_Problem details_
Using the records that follow, reproduce exactly the lines starting at the line containing "Linda(DKM), 1girl, solo, 금발, 긴" and ending at the line containing "日前,《全国妇联关于表彰全国". Include both end lines and no pictures.

_Raw data_

++++

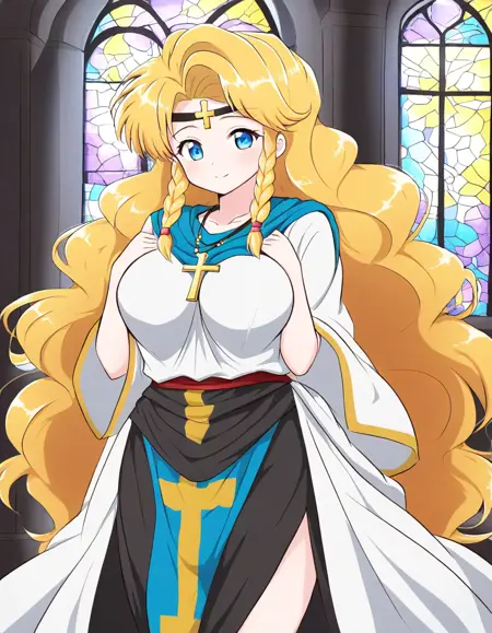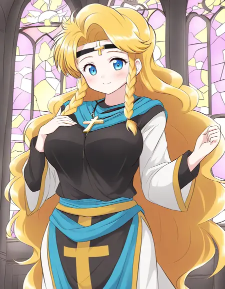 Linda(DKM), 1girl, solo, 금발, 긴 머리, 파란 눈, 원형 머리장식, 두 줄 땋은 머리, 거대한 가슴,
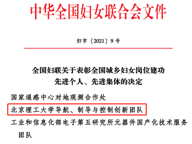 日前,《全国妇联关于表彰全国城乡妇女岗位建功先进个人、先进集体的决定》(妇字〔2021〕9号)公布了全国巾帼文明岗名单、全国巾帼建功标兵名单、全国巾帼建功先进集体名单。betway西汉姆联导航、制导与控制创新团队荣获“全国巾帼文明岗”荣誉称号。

++++

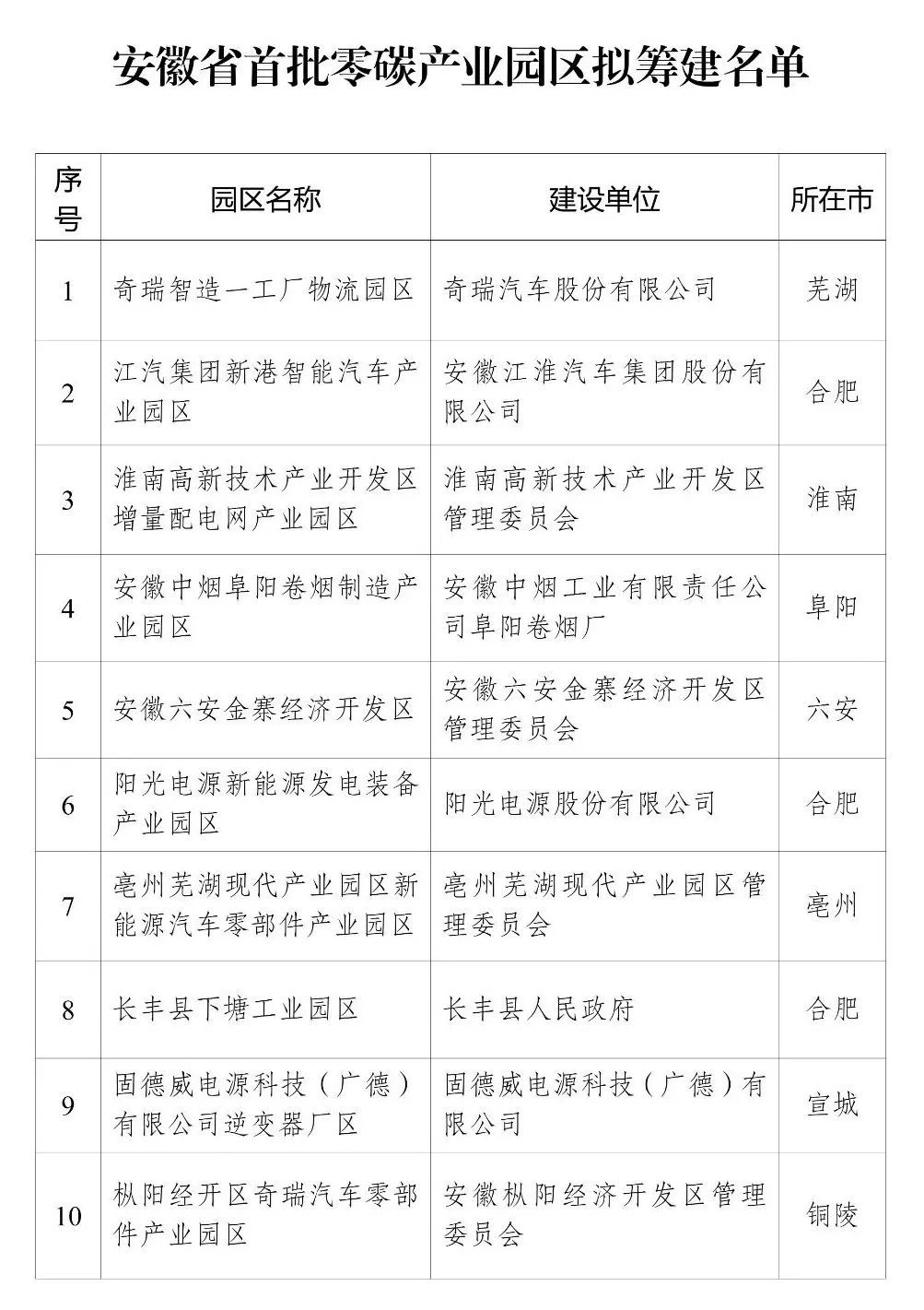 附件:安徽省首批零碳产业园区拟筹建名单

++++

_Response to this task_
 Linda(DKM), 1girl, solo, 금발, 긴 머리, 파란 눈, 원형 머리장식, 두 줄 땋은 머리, 거대한 가슴,
 日前,《全国妇联关于表彰全国城乡妇女岗位建功先进个人、先进集体的决定》(妇字〔2021〕9号)公布了全国巾帼文明岗名单、全国巾帼建功标兵名单、全国巾帼建功先进集体名单。betway西汉姆联导航、制导与控制创新团队荣获“全国巾帼文明岗”荣誉称号。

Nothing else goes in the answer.